Regardless whether a fixed research protocol is adopted or whether the
research process is allowed to emerge iteratively in alignment with purpose,
documenting the rationale and process of research choices is a subjective
endeavour. Research discourse (and research education) has to honour and
nurture subjectivity, individuality and uniqueness.
CAVEAT: CAN WE REALLY SEE OURSELVES?
In order to create the opportunity for researcher excellence to
emerge and mature, it seems we need to let go of the concept
of failure and the mind set it is embedded in and stands for.
However, there will be resistance to such a stance because of
the fallibility of human knowledge and definitely when that
knowledge has to include knowledge of the self. In order to own
our story, we have to really see ourselves. Is that possible?
Confirmation bias, cognitive dissonance are accepted realities.

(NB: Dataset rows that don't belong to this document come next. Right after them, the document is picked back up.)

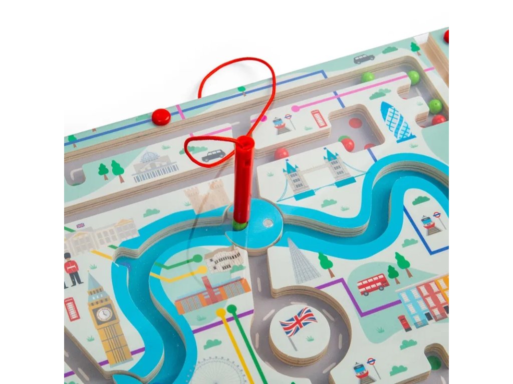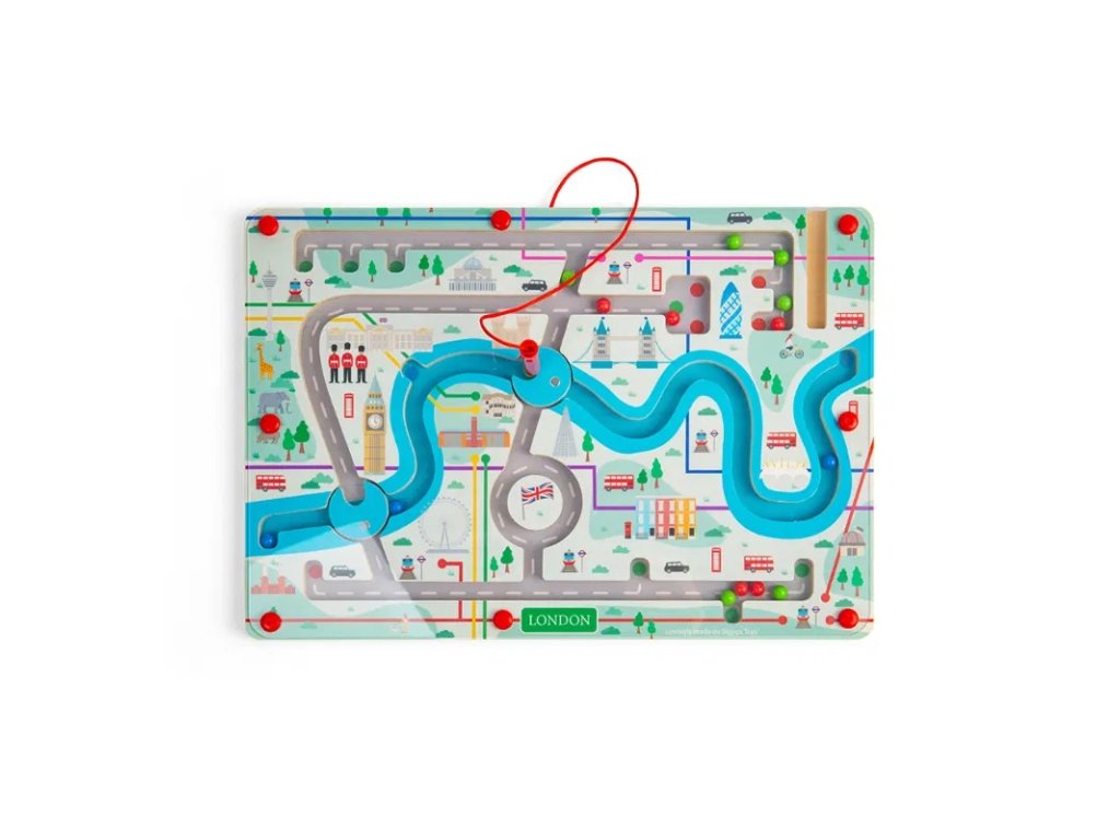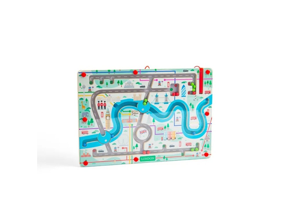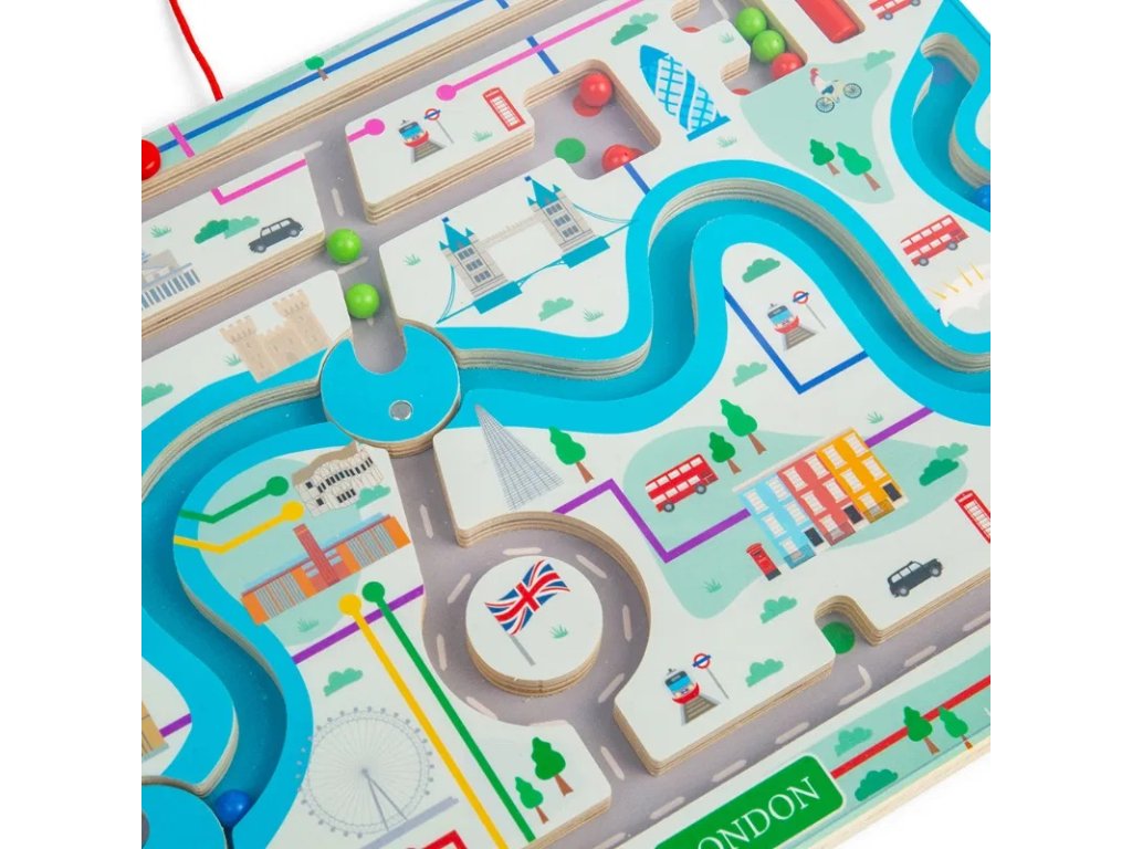 Vydejte se na projížďku rušnými ulicemi Londýna s magnetickým bludištěm! Pomocí červeného magnetického pera mohou děti vést 15 magnetických kuliček bludištěm. Poznají ikonické památky, jako je Buckinghamský palác, London Eye a Tower Bridge, nebo se mohou vydat na projížďku po řece Temži a otáčením magnetických koleček přepínat, kudy budou pokračovat dál. Každé otočení kolečka a výběr další cesty pomůže dětem pracovat na jejich schopnostech řešit problémy a dostat se do požadovaného cíle. Použití magnetického pera také zlepší zručnost a koordinaci ruka-oko a soustředění. Magnetické bludiště je vyrobeno z prvotřídního a udržitelného dřeva s certifikací FSC® a nabarveno netoxickými barvami a laky. Splňuje aktuální evropské bezpečnostní normy. Hlavní vlastnosti: zlepšuje jemnou motoriku a koordinaci ruka-okoučí děti řešit problémyvyrobeno ze dřeva s certifikací FSC®vhodné od 3 let věku Značka a certifikát FSC® (Forest Stewardship Council) zaručuje, že dřevo, ze kterého byl produkt vyroben, nebylo vytěženo nelegálně a pochází z lesů obhospodařovaných šetrným či přírodě blízkým způsobem, ve kterém jsou dodržovány přísné environmentální a sociální požadavky. Značka FSC® na výrobku znamená, že svým nákupem pomáháte chránit lesy a podporujete šetrné, odpovědné či přírodě blízké hospodaření, díky kterému jsou naše lesy stabilnější, zdravější, mají přirozenou druhovou skladbu a lépe odolávají negativním následkům klimatických změn.
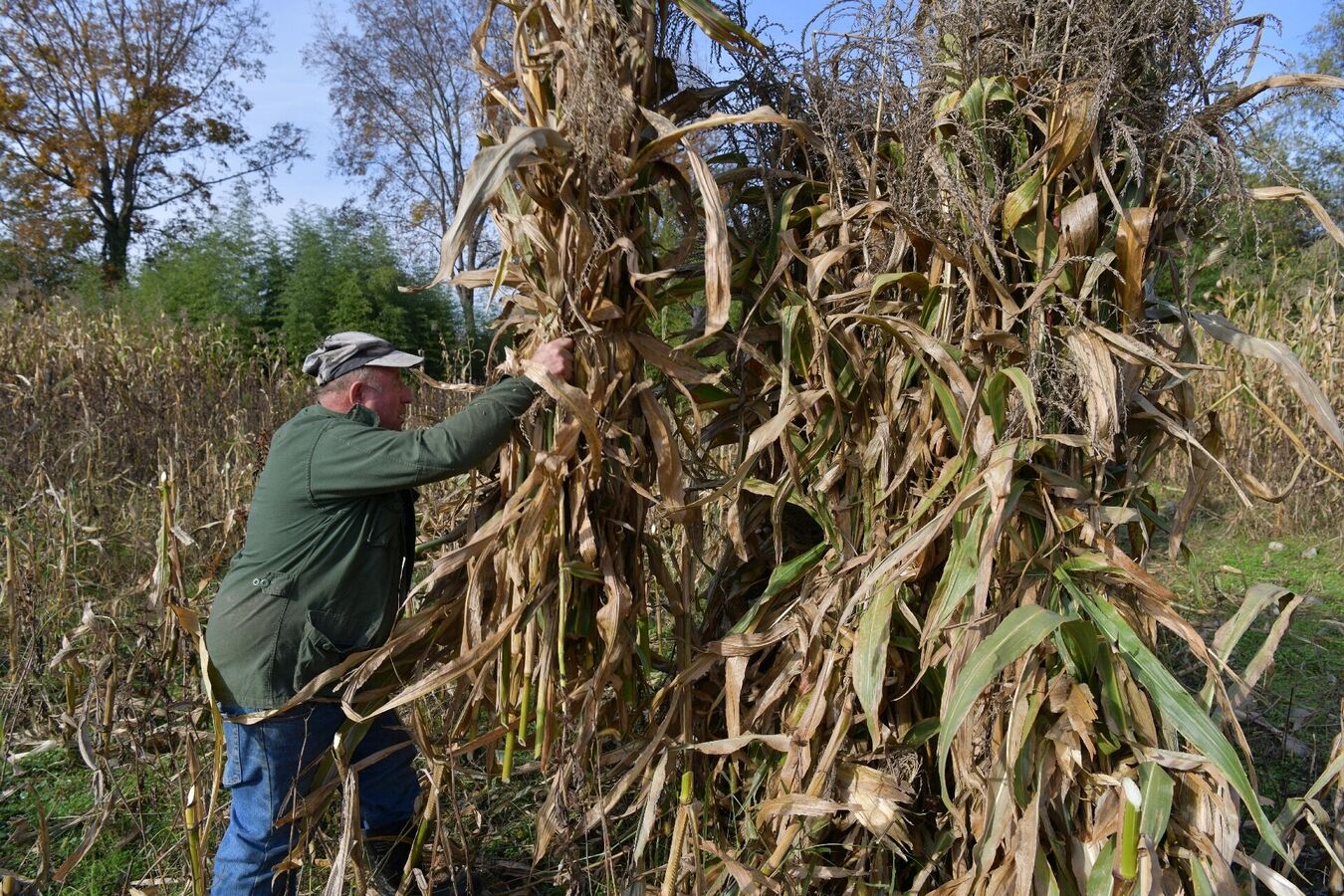 Стволы кукурузы складывают в стога, чтобы зимой ими кормить скотину
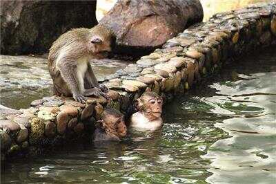 猴子组团在私家游泳池玩水 |
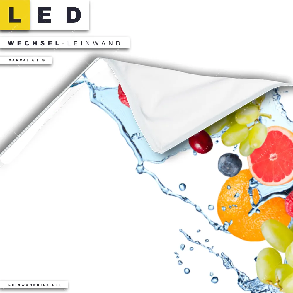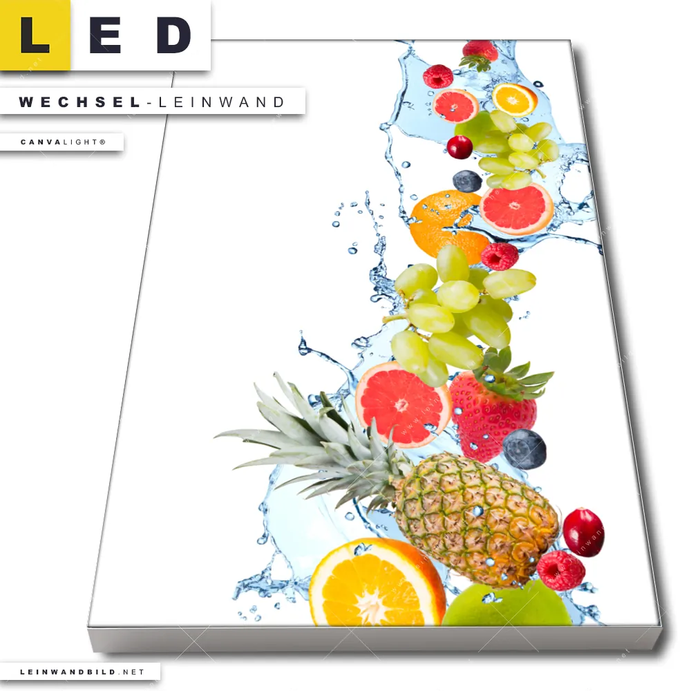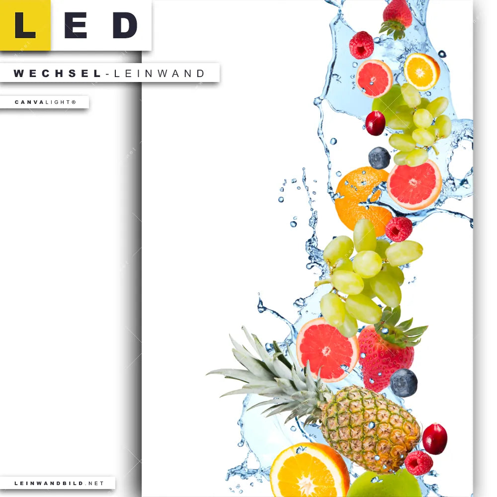 LED Wechsel-Leinwand Canvalight® TEX | Früchte in Spritzwasser | Hochformat

The more intelligent and creative people are, the more they can
fool themselves. How do we protect ourselves and each other
from such ‘bias’?
WHAT IT TAKES…..TRUTH, COURAGE AND HUMILITY
There are always the facts:
Congruence as marker.
Dialogical Inter-subjectivity with the shared agreement on a purpose guiding
the processes of awareness and dialogue.
Beware / raise alarm when the story is too coherent
In research for change, researchers change too. Human beings are complex,
have many aspects and are always in a process of de-fragmentation: a
research for social change like ICT4D processes ideally would be, will
accelerate and intensify internal in-coherence in both researchers and
participants. Without this creative chaos, no newness would be able to
emerge, but that means that the human beings involved have to hold their
identity ‘lightly’.
Commitment for the truth is paramount, more important than loyalty towards
people, places, things, times and event.
Such commitment to truth requires courage and humility and such personal
growth is a never ending process.
CONCLUDING REMARKS
So how personal does it get? It has become clear that the more open
researchers can be about themselves yourself, (grounded in
awareness), and the more open - minded and open hearted in
dialogue, the better they can share what there is to learn with all
their knowledge communities.
Maybe all the talk about failure is so attractive because it creates the
space not only for the emergent and unpredictable nature of
research processes but also because it acknowledges the
uniqueness, individuality and subjectivity of researchers. Admitting
and sharing failure could be grounded in a defiance of the ‘protocol’
(the subtext of the unexamined and unquestioned mainstream
paradigm) and hence a cry for freedom and a demand for the
opportunity to deliver excellence. But just defying the protocol is not
doing us, our intentions and efforts justice.